Re: [RFC PATCH v2 1/2] workqueue: Unbind workers before sending them to exit()

From: Tejun Heo
Date: Thu Jul 28 2022 - 12:35:48 EST


On Thu, Jul 28, 2022 at 11:54:19AM +0100, Valentin Schneider wrote:
> On 28/07/22 01:13, Lai Jiangshan wrote:
> > Quick review before going to sleep.
> >
>
> Thanks!
>
> > On Wed, Jul 27, 2022 at 7:54 PM Valentin Schneider <vschneid@xxxxxxxxxx> wrote:
> >> @@ -1806,8 +1806,10 @@ static void worker_enter_idle(struct worker *worker)
> >> /* idle_list is LIFO */
> >> list_add(&worker->entry, &pool->idle_list);
> >>
> >> - if (too_many_workers(pool) && !timer_pending(&pool->idle_timer))
> >> - mod_timer(&pool->idle_timer, jiffies + IDLE_WORKER_TIMEOUT);
> >> + if (too_many_workers(pool) && !delayed_work_pending(&pool->idle_reaper_work))
> >> + mod_delayed_work(system_unbound_wq,
> >> + &pool->idle_reaper_work,
> >> + IDLE_WORKER_TIMEOUT);
> >
> > system_unbound_wq doesn't have a rescuer.
> >
> > A new workqueue with a rescuer needs to be created and used for
> > this purpose.
> >
>
> Right, I think it makes sense for those work items to be attached to a
> WQ_MEM_RECLAIM workqueue. Should I add that as a workqueue-internal
> thing?

I don't understand why this would need MEM_RECLAIM when it isn't sitting in
the memory reclaim path. Nothing in mm side can wait on this.

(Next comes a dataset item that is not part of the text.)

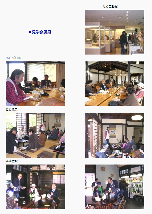 奈良町では重要文化財の今西家書院で庭を鑑賞しながら昼食を楽しみました。今西家書院は興福寺の大乗院家の坊官を努めた福智院氏の居住で今西家が譲り受けたもので室町中期の書院造りの古い遺構を残しているものです。続いて隣接の今西酒造で「春鹿」の5種類の酒(辛口)を試飲しました。その後奈良町界隈をそれぞれ散策し、最後にこれも古い漬け物屋「あしびや本舗」のティールームでひと休みして、午後4時過ぎ散会しました。

> > Since WORKER_DIE is set, the worker can be possible freed now
> > if there is another source to wake it up.
> >
>
> My understanding for having reap_worker() be "safe" to use outside of
> raw_spin_lock_irq(pool->lock) is that pool->idle_list is never accessed
> outside of the pool->lock, and wake_up_worker() only wakes a worker that
> is in that list. So with destroy_worker() detaching the worker from
> pool->idle_list under pool->lock, I'm not aware of a codepath other than
> reap_worker() that could wake it up.

There actually are spurious wakeups. We can't depend on there being no
wakeups than ours.

Thanks.

--
tejun